SQL Basics for Epidemiological Research
Project Description
This SQL project is designed for beginners who want to practice writing SQL queries using a real-world dataset. You will leverage a collection of the COVID-19 data maintained by Our World in Data, updated daily and including data on confirmed cases, deaths, and testing, as well as other variables of potential interest. The main goal is to help you become familiar with SQL syntax and basic data analysis tasks. You will gain access to comprehensive explanations of SQL queries and concepts, and interactive coding examples and challenges.
Dataset
This project will leverage the COVID-19 dataset by Our World in Data from Kaggle.

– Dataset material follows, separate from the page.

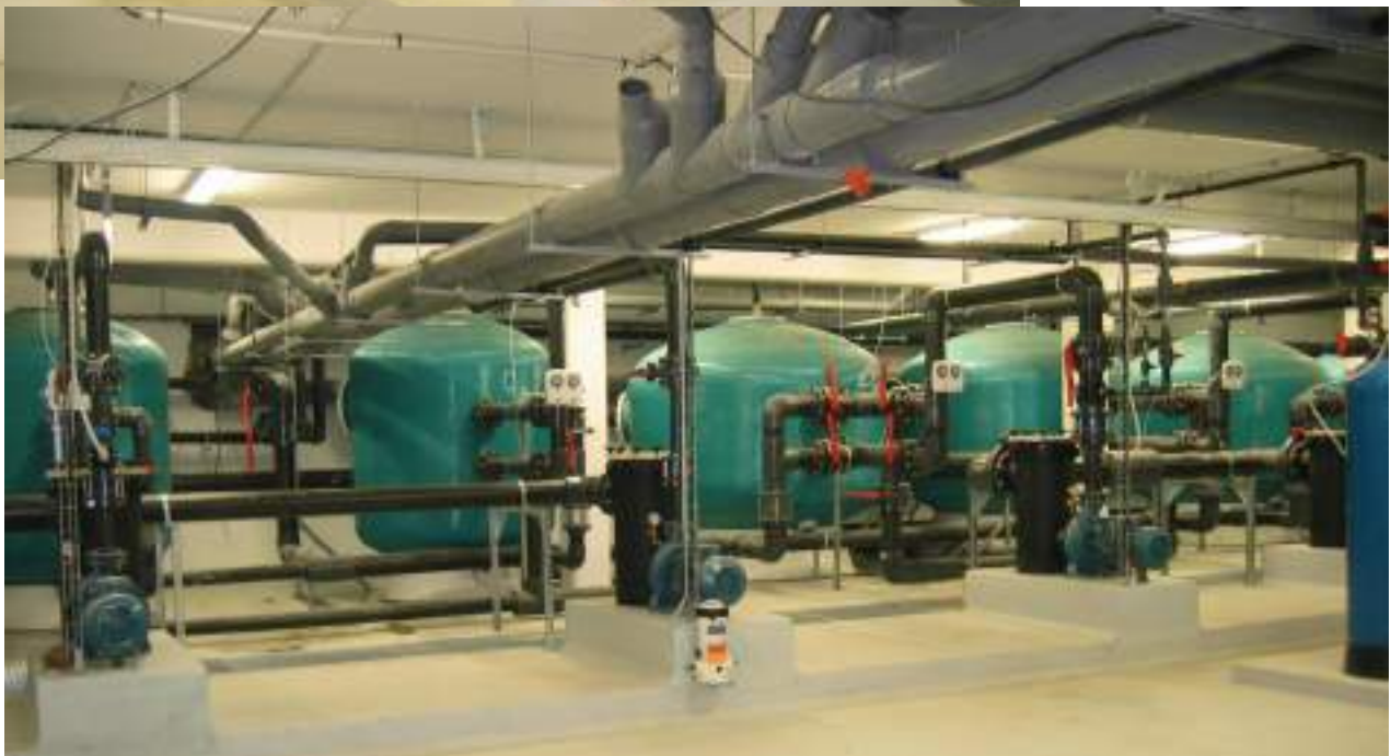
>>>> Mise en place des canalisations bassin extérieur

Viry Châtillon (91) Construction du stade nautique (5 bassins) Filtration à sable et hydro- anthracite 630 m3 / h (6 filtres) Année 2002

Relevant Skills You May Apply
Basic SQL knowledge
Skills You May Gain
Introductory to Intermediate SQL syntax and prompts
Total Time
Approximately 10 hours (1 to 2 weeks)
Milestones
Milestone 1: Libraries and Database Setup
Milestone 2: Loading the Dataset
Milestone 3: Basic SQL Queries
Milestone 4: Filtering Data
Milestone 5: Aggregating Data
Milestone 6: Grouping Data
Milestone 7: Sorting Data
Milestone 8: Joining Tables
Milestone 9: Subqueries
Milestone 10: Window Functions
Milestone 11: Data Analysis and Visualization
Milestone 12: Closing Connection
Milestone 13: Summary of Basic SQL Commands
Deliverables
Deliverables include a project report highlighting new skills gained and an interactive Python notebook (Jupyter/Google Colab).